REPUBLIKA.CO.ID, ATHENA -- Saima Hodep terlihat meratakan adonan dengan pipa air baja di luar tendanya. Migran asal Irak itu mempersiapkan roti tidak beraginya untuk pelanggan. Perempuan 35 tahun tersebut merupakan salah satu dari migran yang berupaya menyambung hidup di sisi Yunani dari perbatasan Makedonia.
Ia menjual sekitar 100 potong roti setiap harinya di kamp Idomeni, yang tidak memiliki air mengalir.
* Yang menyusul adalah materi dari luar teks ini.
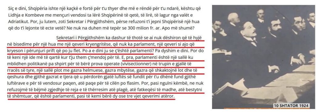 Retrospektivë, 1924. Kryeministri i Shqipërisë Fan Noli mbajti një fjalim në Asamblenë e Lidhjes së Kombeve. Një fjalim që nga njëra anë tregon erudicion, dije, kulturë, karakter dhe kurajë, por nga ana tjetër reflekton mungesë konceptesh mbi demokracinë, legjitimitetin, shtetin dhe politikën. Ishte koha kur Noli u bë kryeministër pa një vendim parlamenti, ky i fundit nuk ekzistonte më, dhe kur fuqitë e kohës kushtëzuan mbështetjen financiare dhe politike ndaj Shqipërisë me zhvillimin e një procesi zgjedhor për rivendosjen e legjitimitetit kushtetues të parlamentit dhe qeverisë. Noli refuzoi. Duke akuzuar të tjerët. Një nga dijetarët më të aftë të botës shqiptare, intelektual dhe atdhetar, megjithatë ditën kur ishte në pushtet mori vendime të gabuara. Me kosto të lartë për veten dhe vendin.
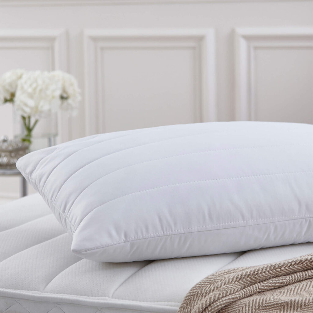 Sink back into this luxuriously quilted pillow for cushioned comfort and a great night’s sleep.
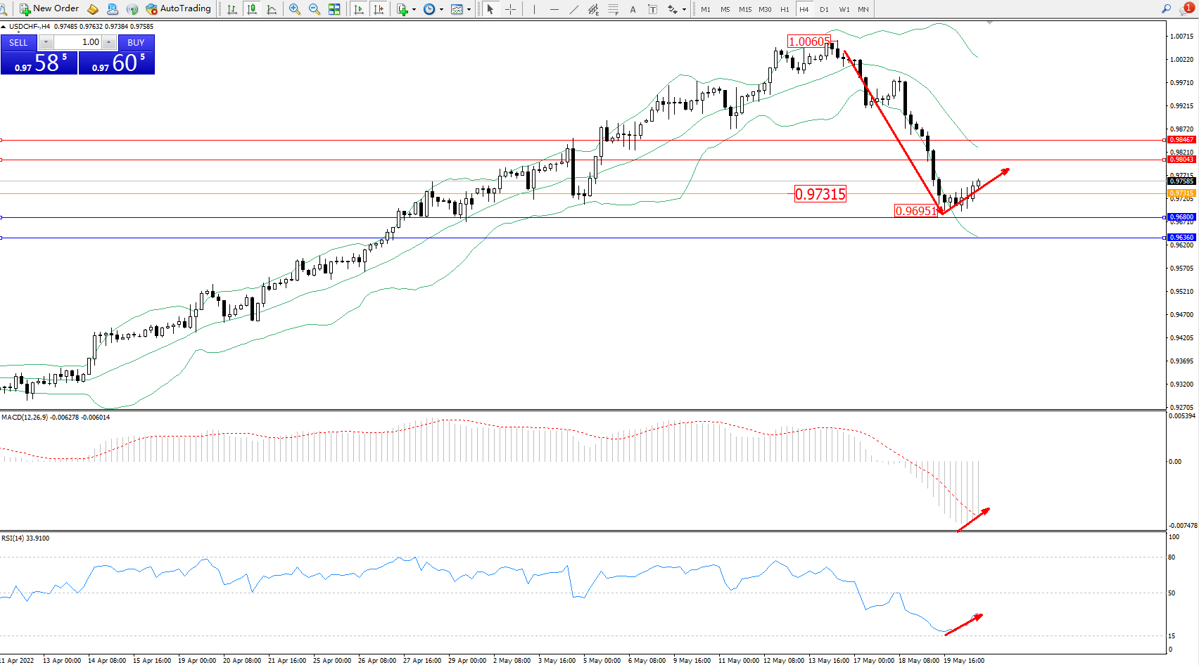 备选策略:0.97315下方看跌,目标0.96800、0.96360
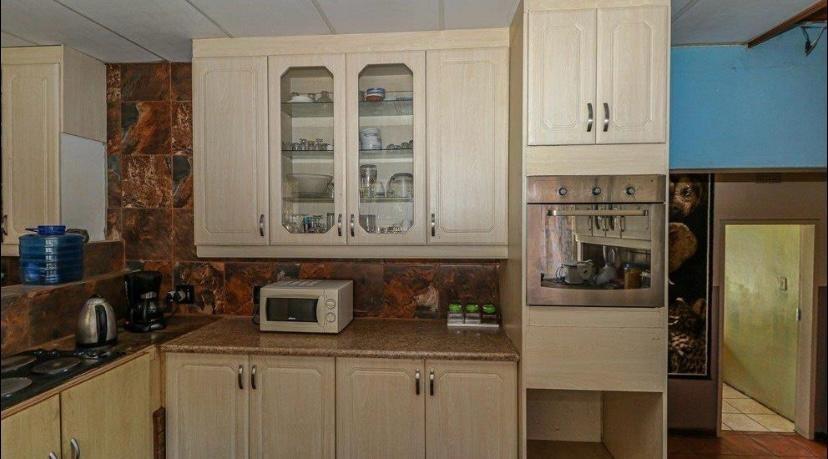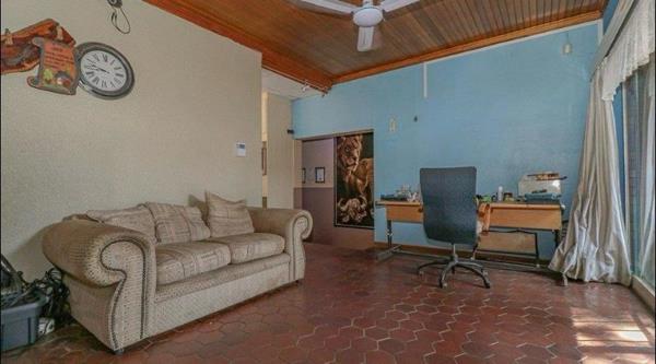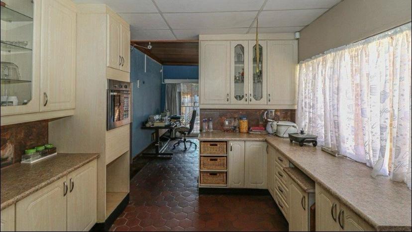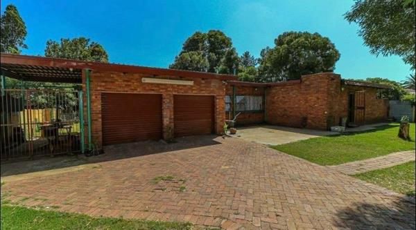 3-bedroom home for sale featuring built-in cupboards, 2 bathrooms (one en suite), a kitchen, lounge, dining room, pool, double garage, double carport, and a spacious yard. With a bit of TLC, this golden oldie can become your dream home!

Tapi di kamp tersebut, setidaknya ada delapan tukang cukur.
"Orang tua saya tidak memiliki pilihan ketika kami kehabisan uang beberapa pekan lalu. Mereka harus melakukan sesuatu untuk menghasilkan uang," kata putri Saima yang berusia 17 tahun, Saven.
Kamp darurat, rumah bagi sebagian migran Suriah, Irak, dan Afghanistan muncul empat bulan lalu. Saat itu, sejumlah besar migran membuat jalan mereka ke Eropa utara dengan harapan mendapatkan suaka di negara-negara seperti Jerman. Tapi, perbatasan ditutup di Balkan dan membuat ribuan mereka terdampar di Yunani.
Mereka menolak untuk pindah, meskipun gas air mata oleh polisi Makedonia dan seruan pihak berwenang Yunani untuk mengatur kamp lebih masuk ke dalam negeri.
Pagar kawat berduri yang dijaga ketat oleh polisi Makedonia membuat sekitar 10 ribu orang mempersiapkan diri di kamp pengungsi terbesar di Eropa tersebut. Mereka menunjukkan tanda-tanda menetap untuk jangka panjang.
Hari ini, kamp Idomeni memiliki tiga masjid, taman kanak-kanak dan sekolah, serta setidaknya empat pembuat falafel, kacang Arab yang digiling dan dipadatkan membentuk bola-bola kecil khas Timur Tengah.